Self Awareness & Responsibility
Being self aware is one way to get out of auto pilot but you also have to accept responsibility for where you are. What I'm hearing too often that someone doesn't have access to something or because someone did xyz to them couldn't do abc.
I'm not saying that unfair things don't happen because they do and how we may want for things to play out aren't the way they actually play out. However, we still need to accept where we are in lives.
When it comes to autopilot and why it's such a big thing is because you need to accept responsibility that at the is time you're still living on autopilot. Once you've done that, that's the only way you'll be able to make a change. Ask yourself constantly "why am I doing this?"
Previously I also discussed that people tell us this is what we should be doing and we turn around and believe it but in reality guess what? We didn't even have the time to think if we actually wanted it and it may not be what WE want to do. What it really is outside people and peer pressure that we should want these things.
People always say "when Vienna gets older she's going to go to this school and she's going to this this and this." You keep hearing that as you get older and you think to yourself "oh this is how life is supposed to be" or maybe even "let me just try it even though it's not really what I want to do." We start to to things and get into a habit of living life in autopilot.
But, is that really what you want?
Once you've realized this is what you want are you doing it in the way you want? Or more importantly if you aren't doing what you want, how are you going to make that change? Orhow are you going to figure out what you want to do? We go through life living this way because we don't know what we want and asking others "what should I do?" Can't nobody answer that for you **snaps twice** (no really jump to 4:00 if you don't believe me).
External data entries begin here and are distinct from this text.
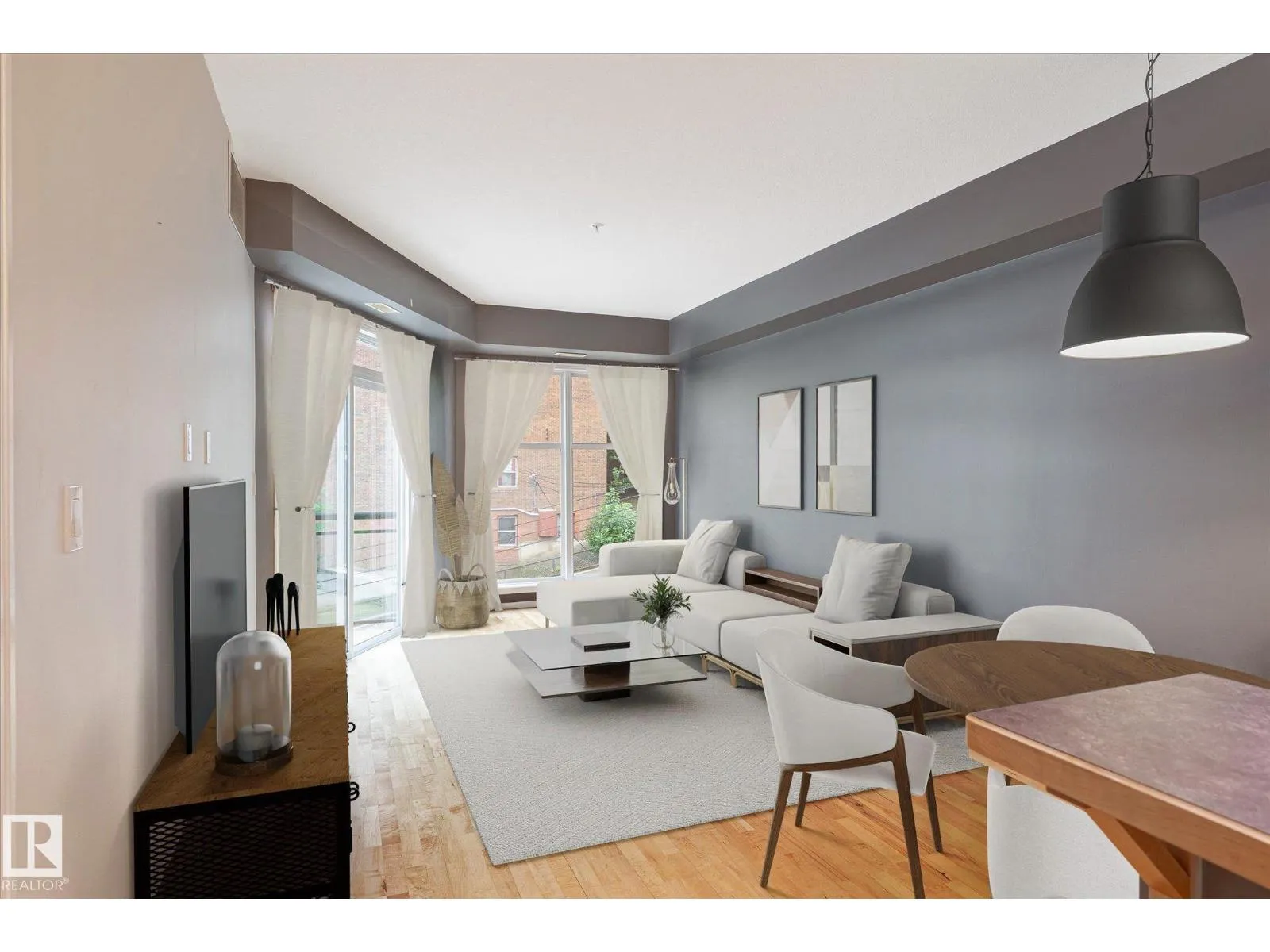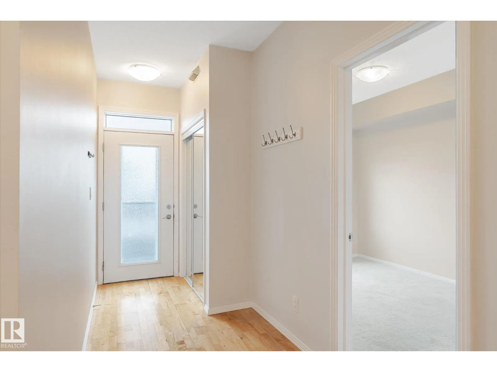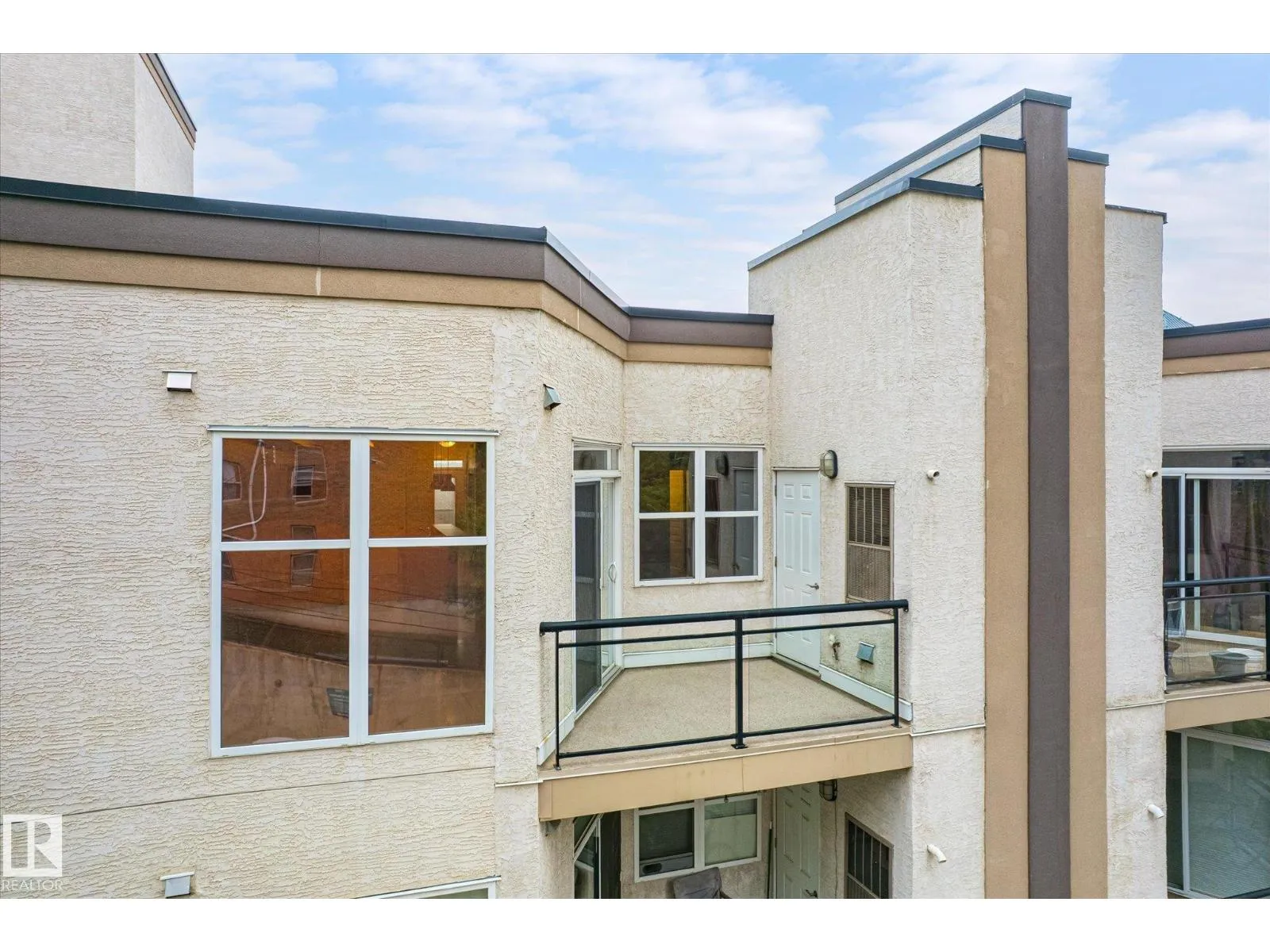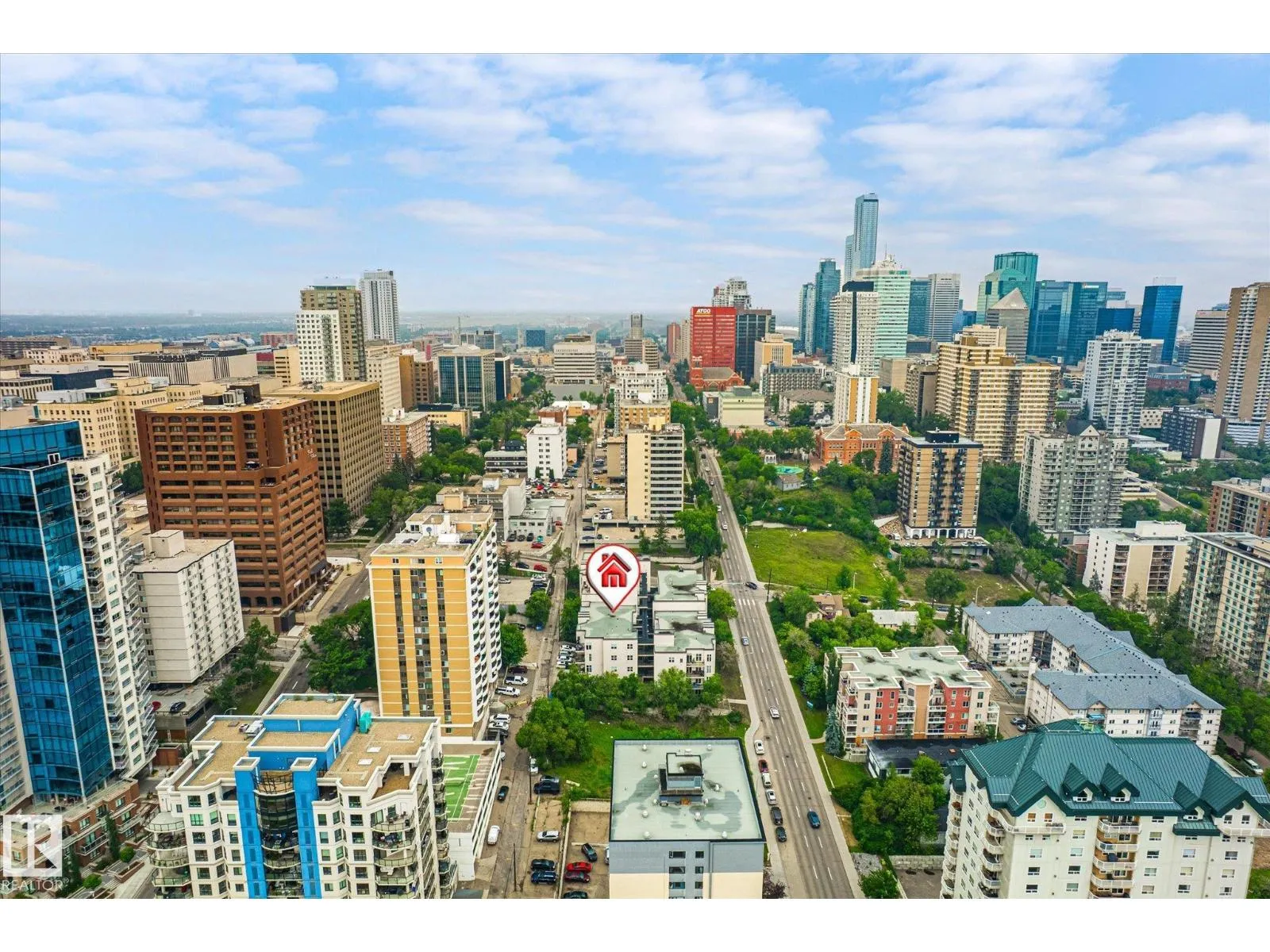 Top floor river valley unit! This contemporary condo is in a fantastic location, steps away from the Legislature, the river valley and the baseball park! As you walk to the suite's front door you will notice that your front entry and 2nd bedroom overlooks the river valley. Inside 9ft ceilings with floor to ceiling windows allows the sunlight in to bounce off of your hardwood flooring. A maple island kitchen with eating bar and tons of counters and cabinets is perfect for the chef in the family and it is also nicely equipped with stainless steel appliances. Patio doors lead to a balcony that faces west, A/C will keep you cool. The large master bedroom has a walk in closet and a full ensuite with tile tub surround and tile flooring. Main bathroom with tile flooring and shower, stackable washer and dryer and secure underground parking stall round out the features. There is ample visitor parking in the alley on the west side of the building. Some pictures are virtually staged. (id:27476)
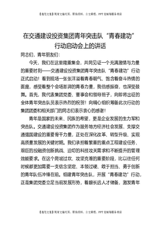 在交通建设投资集团青年突击队“青春建功”行动启动会上的讲话.docx
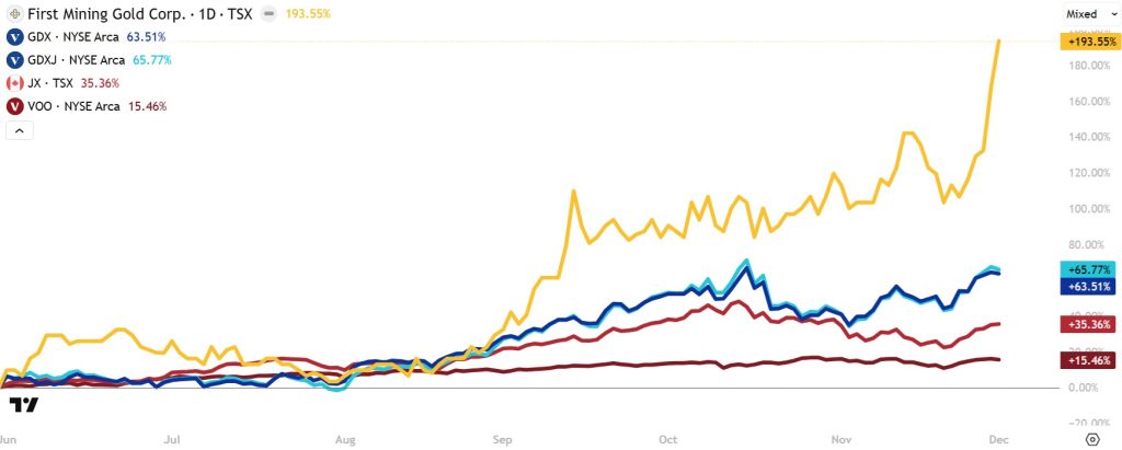 Since NIA's suggestion exactly six months ago… First Mining Gold (TSX: FF) has outperformed:
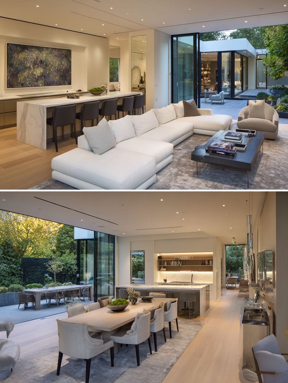 The architectural feature transforms what could be a ordinary seating arrangement into a sophisticated, permanent element that gives the room distinctive character and purpose. Built-in seating eliminates the need for sofas or chairs, reducing visual clutter while actually increasing seating capacity compared to conventional furniture arrangements. The white upholstery maintains the minimalist aesthetic while providing a clean, cohesive appearance that would be difficult to achieve with multiple separate furniture pieces. The pit’s square or circular configuration encourages face-to-face interaction in ways that traditional furniture arrangements often cannot.
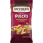 Snyder's of Hanover Honey Mustard and Onion Pretzel Pieces are bursting with craveable flavor in every bite! Enjoy crunchy sourdough pretzels, generously seasoned with tangy mustard, mild onion flavor, and the sweetness of honey. You'll love the crunch, hearty satisfaction, and bold flavor found in every bite. Our pretzel pieces are the perfect snack to crunch on during game day or as a lunchtime side.Â
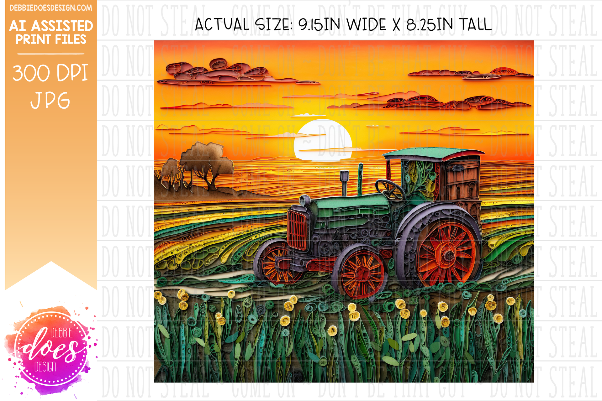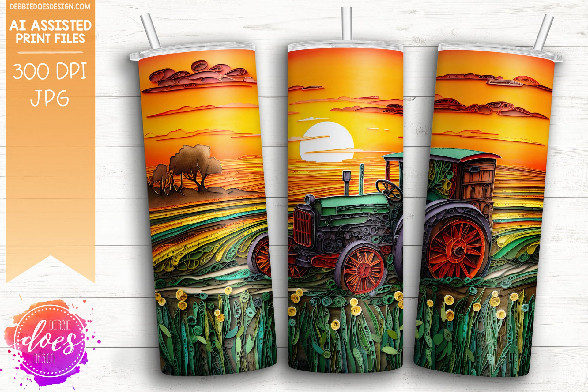 Paper Art - Green Tractor at Sunset 1 - Tumbler - Printable/Sublimation Design
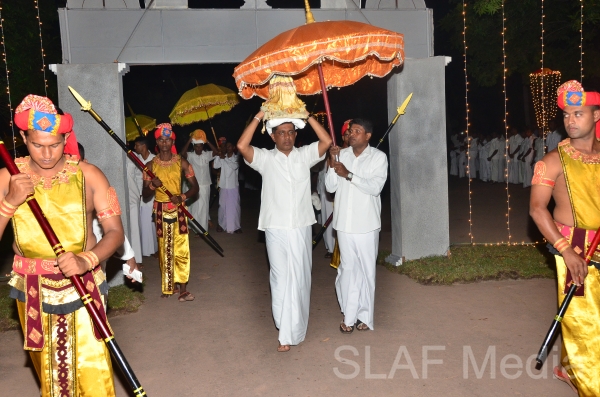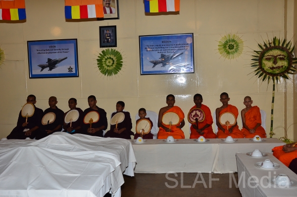 An all night ‘Pirith Chanting’ ceremony was held at Sri Lanka Air Force Base Katunayake on 29th November 2013 to invoke blessings on the souls of fallen war heroes of the Sri Lanka Air Force, who made the supreme sacrifice by defending the nation and also to bless the Commander of the Air Force, Officers, all ranks, civil servants and their families for the coming New Year 2014.
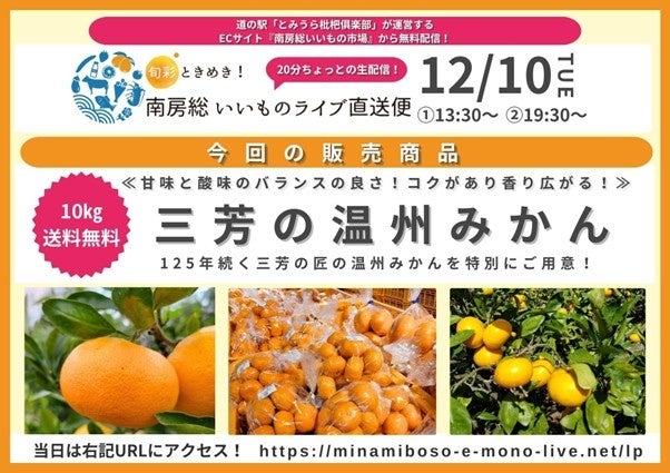 株式会社マインドシェア(東京都、代表取締役社長:今井祥雅)は、デジタルでつながる南房総里山感動宅急便推進協議会(千葉県、会長:鈴木賢二)と実施する、特産品を紹介するライブコマースプロジェクト「旬彩ときめき!南房総いいものライブ直送便」の第7弾を12月10日(火)に配信します。
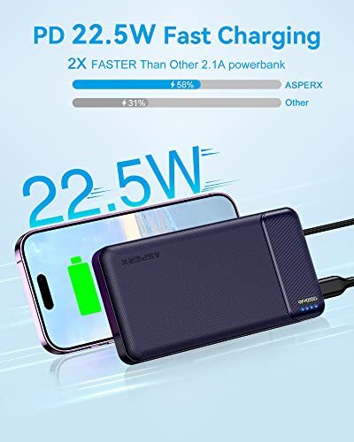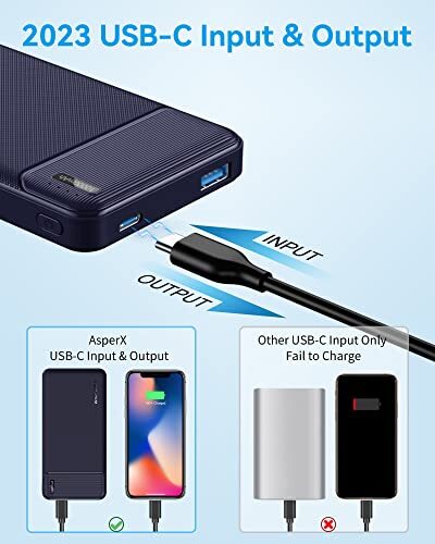 AsperX Portable Charger 22.5W 10000mAh, Power Bank Fast Charging, USB C Output, External Battery Pack Portable Phone Charger for iPhone, Android and More Deep Blue 【22.5W Fast Charging】AsperX 22.5W power bank is not only equipped with the most advanced PD3.0 and QC4.0 fast charging technology, the output power is also upgraded to 22.5W, which can incredibly fast charging your Phone from 0 to 58% in 30mins, 2X faster than traditional 2.4A chargers. 【2023 Upgraded Version USB-C Input and Output】Different from most chargers that only have USB-C input, AsperX PD 22.5W power bank has a USB-C input and output port, perfect for your new iPhone, iPad and all upcoming Introduced USB-C devices. 【Long Time Power Reserve】AsperX 10000mAh portable phone charger is small in size but powerful in power. It can provide 3.6 charges for the iPhone 8, 13.2 charges for the AirPods Pro, and 1.2 charges for the iPad. 【Charge Two Devices Simultaneously】AsperX portable battery charger is equipped with one USB-C port and one USB-A port, which can charge two devices at the same time. Dual-port design allows you to share portable power with family and friends. 【Wide Compatibility】AsperX cell phone battery pack is suitable for all devices from large iPads to small AirPods. Additionally, it comes with an adaptive trickle charge mode that can provide optimized power to small devices without compromising battery life. SHIPPING - We offer FREE shipping on all orders! - We ship within 3 business days of payment, usually sooner - We use a selection of shipping services such as UPS, FedEx, USPS etc - We only ship to the lower 48 states, no APO/FPO addresses or PO Boxes allowed International buyers – please note: Import duties, taxes, and charges aren't included in the item price or postage cost. These charges are the buyer's responsibility. - Please check with your country's customs office to determine what these additional costs will be prior to bidding or buying. - We have confidence in our products, but if you are not fully satisfied please contact us within 30 days of purchase and you will get full refund. * Order Cancellation Policy ** You can return a product for up to 30 days from the date you purchased it. 1. The seller reserves the right to cancel the special case only due to eBay cancellation fee. 2. The decision of seller is the final. 3. The seller will respond to the cancellation request within 2 business days. Please wait for the result of cancellation. 4. In case the cancellation is not completed by some reasons, the buyer can follow the options below to get the refund. 4.1 The buyer can reject the item when it arrives. 4.2 The buyer can send the item back to the seller within 30 days If the buyer receives item (USA Shipment ONLY). The seller will provide the FREE return label to the buyer when the buyer opens " Return Item" case on eBay by using the reason as "Change my mind" ONLY. 5. When buyer has placed the order. The order will be processed and completed by automatic warehouse system within 5 minutes. In case that buyer sends the cancellation request after 5 minutes of placing the order, the request will be rejected. **Sending direct message to cancel the order is not allowed for every case.* Return Policy For the return case - If buyer would like to return the items for refund or replacement, please CONTACT SELLER to receive the free return label from seller. The refund or replacement will be processed with the tracking number of return label which is provided by seller only. The other ways of return which are not approved by seller will not be processed for the refund or replacement. CUSTOMER SERVICE - We try our best to make sure every customer is completely satisfied. - If there's a problem, feel free to message us! - We're happy to help.
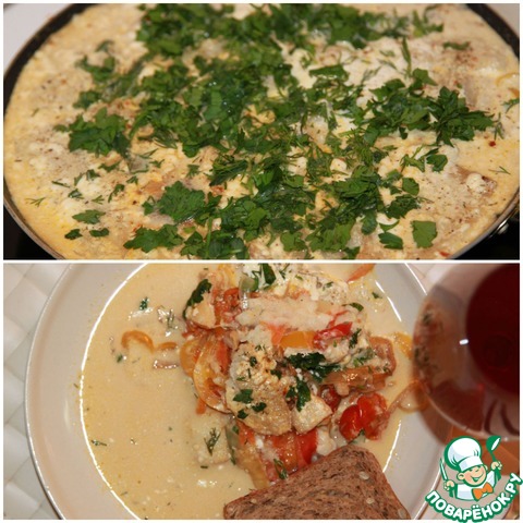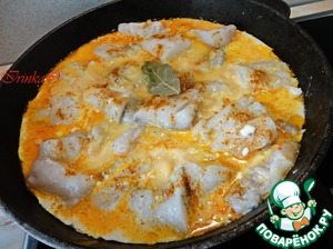 Кладем лавровый листик и заливаем сметаной, разбавленной с теплой водой (всего жидкости должно получиться 250 мл).
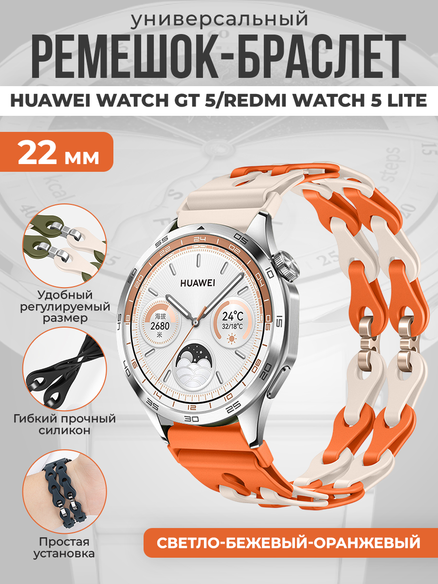 Универсальный силиконовый ремешок-браслет для Huawei Watch GT 5/Redmi Watch 5 Lite, 22 мм, светло-бежевый-оранжевый
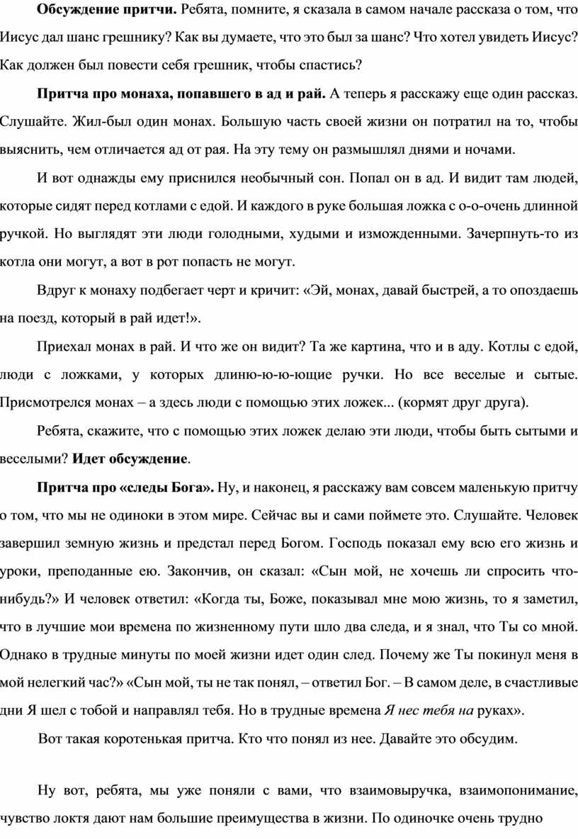 Обсуждение притчи. Ребята, помните, я сказала в самом начале рассказа о том, что Иисус дал шанс грешнику? Как вы думаете, что это был за шанс? Что хотел увидеть Иисус? Как должен был повести себя грешник, чтобы спастись?

Like come on now we gotta get with it. Sometimes we say "yea but I just want a suggestion." Ask someone "I'm thinking of a and b or these are my two options help me figure out what's best." You got to bring something to the table. Don't keep having people dictate your life. Think of everything, all options.
Let's stop with the "these are my only options." Use your imagination there are a million options out there. Take the time to sit and think about all your options AND their consequences. We always have more than the 2 options we think we do. It's just that we've been conditioned to only think of 2 options. If that's what you think and believe you're only going to find those 2 options. Especially when you think you're in a crunch for time. And this is a big one, people can ask you can you help me movement Sunday (let's say today is Tuesday) the person doesn't need a yes or no answer right than in there. Tell them let me think about it if you really need time to think it over and go over your schedule. A third option is "yea sure I'm available between (insert the time you're available here)." Another answer could be "what stage do you need help in? I'm not available Sunday but I can swing by (enter day you're available here) to help you pack." Or how about "give me the address to your new place I can help unload the truck."
I know you get the point. Think of ALL YOUR OPTIONS!!
Also you need to accept responsibility for your level of discomfort. I'm gonna say it one more time. You ready?
You need to accept responsibility for your level of discomfort.
A lot of people may think I'm not where I want to be but... And that's you're problem. If you're not where you want to be then what are you doing to get there? Why are you stuck on autopilot but not where you want to be? Does that make sense to you guys? Because it doesn't make sense to me. I want to help you guys get out of discomfort. And being uncomfortable is the best thing that can happen to you. Don't think that brig uncomfortable is something that's horrible because it's not. Please understand that there's a blessing in being uncomfortable. If you're uncomfortable figure why and make the change to get out of the discomfort and autopilot. Now you're accepting responsibility for your life now and the direction you would like for it to go. If I stay on this path which you need to accept responsibility for your level of discomfort I'm not happy on I'll go completely left.... I want to go completely right. What changes do I need to make?" You' re noticing You're uncomfortable. Mate your detour. Or go around it.
I want you all to understand life doesn't come with a GPS.
Again life does not come with a GPS.
There's no right or wrong turn but there's a right or wrong turn for you. You can take a wrong turn by listening to what others are telling you to do. And if that is what you decide you won't live a happy or fulfilled life. And you only get one. why would you not want to happy? Why would you not want to be fulfilled? Your discomfort is your biggest blessing.
Take some time and let that marinate because that's all we need.
Being uncomfortable is all you need to make a change. And if you don't make a change it 's because you're comfortable living you're Current life. And again you need to accept responsibility for that because you're the only one that can. You're the only one that can make a change.
If you're not doing anything to change it. You shouldn't be complaining. Life is as beautiful as you make it.